Hayai's novel reader settings auto-detect HayaiTTS once installed and surface a "Manage neural voices" button that deep-links straight to the Library screen.
You'll need:
- JDK 21 — the JBR that ships with Android Studio works.
- Android SDK with platform 36 + build-tools 36.0.0.
- Git LFS — the bundled Piper voice (28 MB
.onnx) and the vendoredsherpa-onnx-1.13.2.aar(55 MB) are LFS-tracked.
git clone https://github.com/HayaiApp/HayaiTTS.git
cd HayaiTTS
./gradlew assembleDebug
adb install -r app/build/outputs/apk/debug/app-debug.apkOn Windows, point Gradle at the JBR explicitly so it doesn't pick up a
random JRE from PATH:
.\gradlew assembleDebug `
-Dorg.gradle.java.home="C:\Program Files\Android\Android Studio\jbr"For signed release builds, see ONBOARDING.md.
| Stream | Tag pattern | Channel |
|---|---|---|
| Stable | v1.0.0 |
Releases |
| Beta | v1.0.0-b1 |
Releases (prerelease) |
| Nightly | r17 |
Releases (prerelease) — every push to main |
In-app auto-updaters can discriminate cleanly: tags starting with v
are stable/beta (look for the -b suffix); tags starting with r are
nightlies; all betas and nightlies carry the GitHub prerelease=true
flag.
The voice catalog (catalog/v1/models.json) is regenerated by
tools/catalog/build_catalog.py,
which scrapes the
sherpa-onnx TTS model index,
streams every release tarball through SHA-256 to compute integrity
hashes, and emits a deterministic JSON file. The
catalog-refresh workflow runs
the script every Monday on a free GitHub-hosted runner and commits the
new catalog directly to main.
Voice bundles aren't on every release tarball's allow-list yet — when
the runtime can't synthesize a family (because sherpa-onnx hasn't
shipped the JNI for it), the catalog flags those entries
available: false and the Browse screen surfaces them as
"Coming Soon".
The app itself is GPL-3.0 — see LICENSE.
Per-voice licenses vary and are captured in each catalog entry's
license field. The bundled Piper Amy voice is MIT upstream and is
redistributed under the same terms. Check the upstream source on
Hugging Face / GitHub before redistributing any individual voice
commercially.
- Hayai — the manga / novel reader that surfaces HayaiTTS as a TTS engine in its novel reader settings.
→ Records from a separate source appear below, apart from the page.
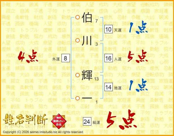 あなたの人生を表す1番重要な運勢です。生涯を通じて影響する総合運となり、主に50歳以降の晩年期に影響を及ぼします。苗字と名前の合計画数。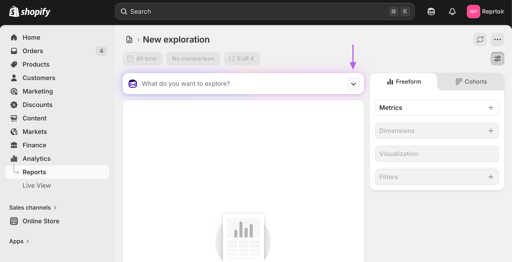 - Click the icon on the right side of the “What do you want to explore?” field.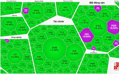 (NLĐO) - Gạt đi bóng đen của phiên lao dốc đầu tuần, thị trường chứng khoán Việt Nam ngày 24-3 đã ghi nhận sắc xanh lan tỏa và áp đảo trên bảng điện tử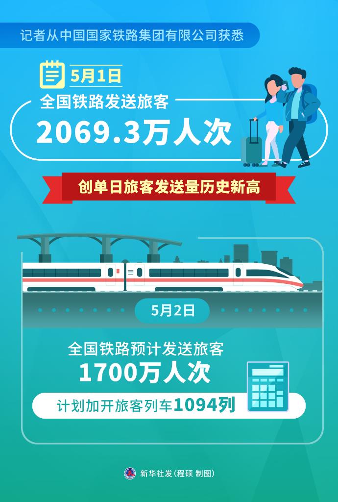記者從中國(guó)國(guó)家鐵路集團(tuán)有限公司獲悉,5月1日,全國(guó)鐵路發(fā)送旅客2069.3萬(wàn)人次,創(chuàng)單日旅客發(fā)送量歷史新高。5月2日,全國(guó)鐵路預(yù)計(jì)發(fā)送旅客1700萬(wàn)人次,計(jì)劃加開(kāi)旅客列車1094列。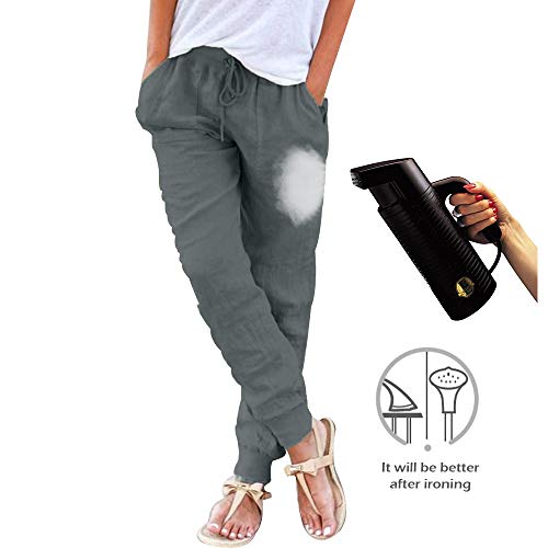 - Material: algodón + lino. Material agradable, opaco, agradable a la piel, elástico, transpirable, elegante, cómodo. Los pantalones de verano para mujer son muy cómodos de llevar. Debido al material de lino, es más fácil de plegar. Por favor, utiliza la plancha para planchar antes de usar.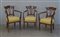 Gruppo di tre poltrone con schienale a giorno sagomato, braccioli curvi e gambe mosse. Secolo XIX

- sherpa-onnx (Apache-2.0) — the on-device inference runtime.
- Piper voices — the upstream release artifacts for the Piper family.
PRs welcome. The build_check
workflow validates every PR against assembleRelease + assembleDebug
on Blacksmith. For UI changes, please attach a screenshot or short
screen recording — Compose previews and unit tests don't capture
motion/haptics, which is where most of our UX value lives.
For architecture, phase-by-phase history, the runtime smoke-test plan, and known limits, see ONBOARDING.md.